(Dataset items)
● ● ●

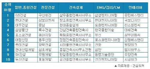 엔지니어링 부문에서는 삼성엔지니어링에 이어 현대엔지니어링, 도화엔지니어링, 한국종합기술, 유신, 포스코엔지니어링, 건화, 삼안, 동명기술공단, 선진엔지니어링 등이 ‘톱 10’에 들었다. 건축설계 부문 ‘톱 10’은 삼우종합건축사사무소, 창조종합건축사사무소, 현대종합설계, 간삼건축종합건축사사무소, 희림종합건축사사무소, 정림건축종합건축사사무소, 시아플랜건축사사무소, 종합건축사사무소건원, 한길종합건축사사무소, 공간종합건축사사무소 등이다. 최근 법정관리에 들어간 공간건축이 4계단 하락, 10위로 밀려났다.
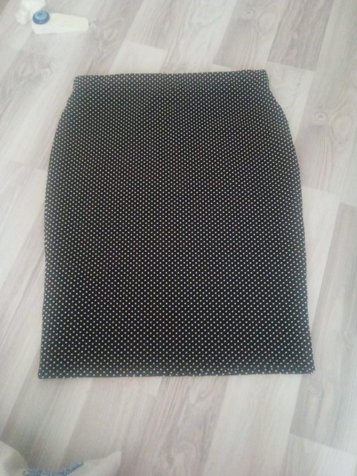 Gri puantiyeli siyah midi kalem etek, sentetik kumaştan, yapışkanlı bant kapanışa sahip, günlük kullanım için uygundur.
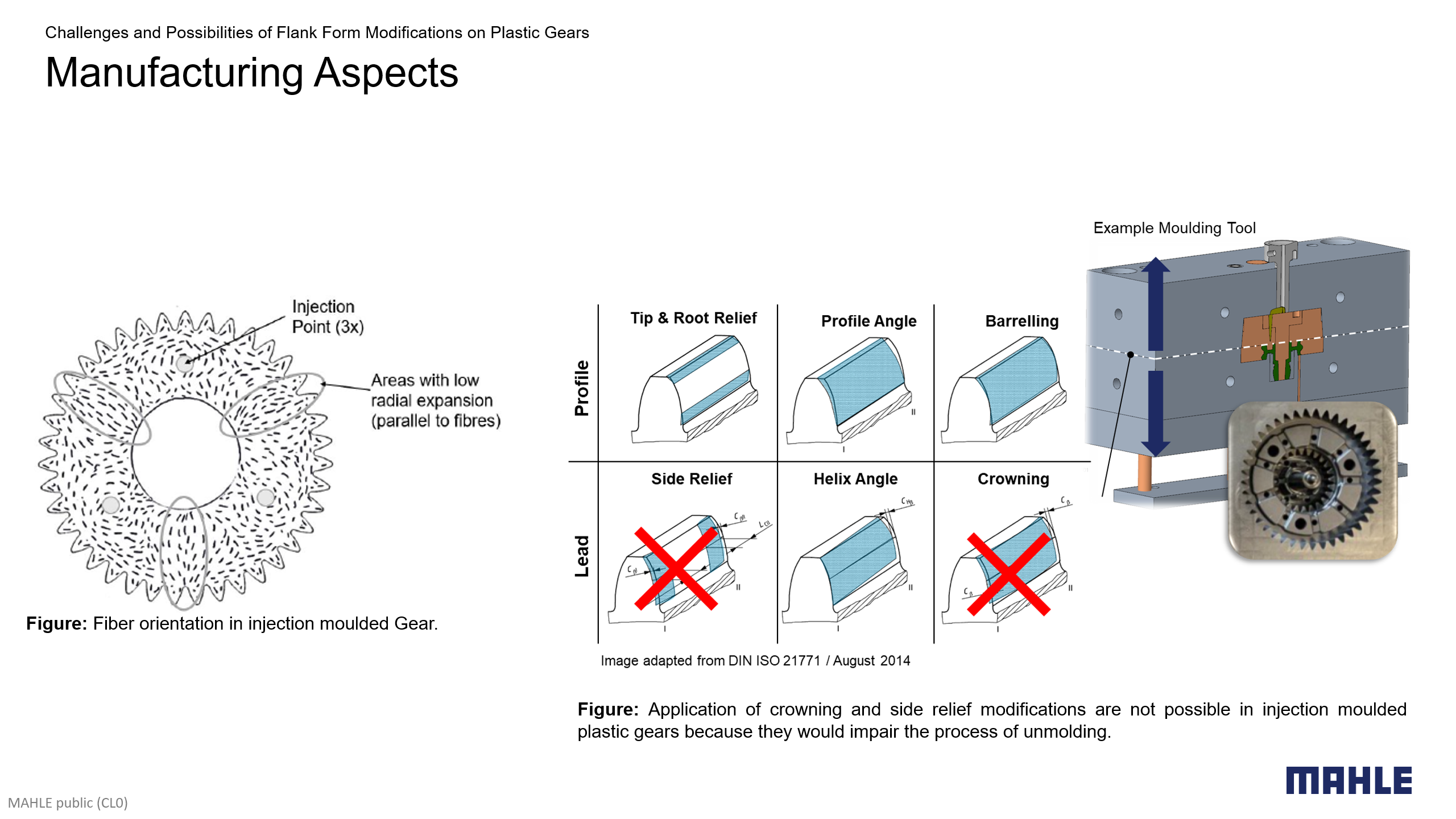 The manufacture of plastic gears using injection molding differs significantly from steel gear production in terms of the achievable accuracies and applicable flank form modifications. Injection-molded plastic gears typically achieve 3–4 quality levels lower than ground steel gears per ISO 1328-2013. Unreinforced plastic components achieve better qualities than fiber-reinforced ones. In short-fiber-reinforced, anisotropic plastics, thermal expansion is not uniform, leading to additional challenges:
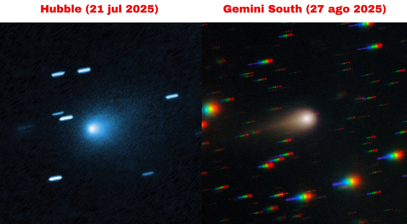 En la imagen del telescopio espacial Hubble, capturada el 21 de julio de 2025, la NASA indicaba que este observatorio capturó “una columna de polvo eyectada del núcleo desde el lado calentado por el Sol, y el indicio de una cola de polvo”. La agencia agregó que 3i/ATLAS pierde polvo a un ritmo similar que otros cometas detectados a unos 480 millones de kilómetros del Sol, “un comportamiento similar de otros cometas de nuestro sistema solar”.
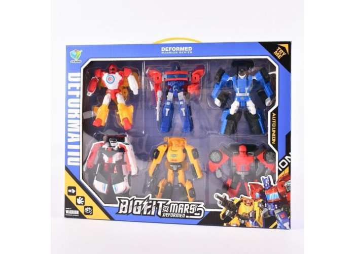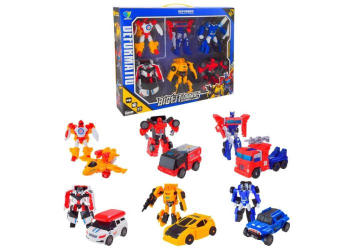 - У комплекті є 6 роботів яких можна трансформувати в машинки.
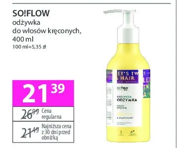 Cena produktu różni się w zależności od wybranego sklepu. Niestety nie posiadamy danych o aktualnych promocjach, jednak wśród archiwalnych ofert Odżywka do włosów kręconych So!flow Vis plantis kosztuje od 15,49 zł do 21,39 zł.
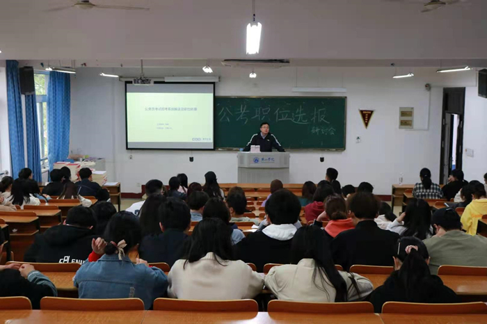 4月7日下午,经济管理学院在横江校区1301教室举办公务员职位报考指导讲座,特邀中博教育公考项目部指导老师周磊作为主讲人,学院百余名学生参加此次讲座。
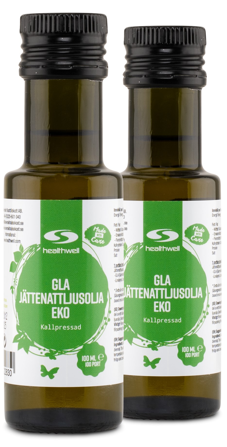 Healthwell GLA Jättenattljusolja EKO utvinns från fröna av den gula örtväxten jättenattljus. Fröna kallpressas skonsamt utan tillsatser och vid låg temperatur för att bevara deras effekt och viktiga näringsämnen. GLA Jättenattljusolja EKO är naturligt rik på GLA och linolsyra, två omättade fettsyror från omega-6. Linolsyra är en essentiell fettsyra som måste tillföras genom kosten eftersom kroppen inte kan producera den själv.
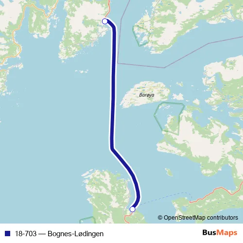 The first stop of the 18-703 ferry route is Bognes ferjekai and the last stop is Lødingen ferjekai. 18-703 (Bognes-Lødingen) is operational during hver dag.
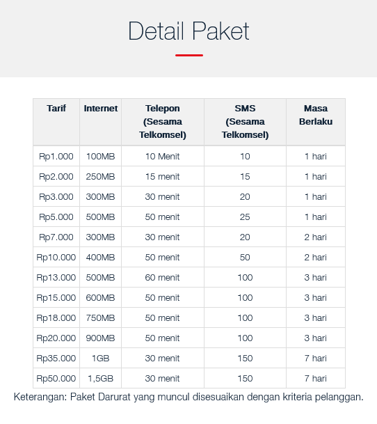- Paket Darurat bisa dipakai cocok periode berlaku.

● ● ●

*TRY IT:*
From the line that contains "Healthwell GLA Jättenattljusolja" to the last line of the data, print each line exactly, both ends included, and omit the pictures.

*RESULT OF THE TASK:*
 Healthwell GLA Jättenattljusolja EKO utvinns från fröna av den gula örtväxten jättenattljus. Fröna kallpressas skonsamt utan tillsatser och vid låg temperatur för att bevara deras effekt och viktiga näringsämnen. GLA Jättenattljusolja EKO är naturligt rik på GLA och linolsyra, två omättade fettsyror från omega-6. Linolsyra är en essentiell fettsyra som måste tillföras genom kosten eftersom kroppen inte kan producera den själv.
 The first stop of the 18-703 ferry route is Bognes ferjekai and the last stop is Lødingen ferjekai. 18-703 (Bognes-Lødingen) is operational during hver dag.
- Paket Darurat bisa dipakai cocok periode berlaku.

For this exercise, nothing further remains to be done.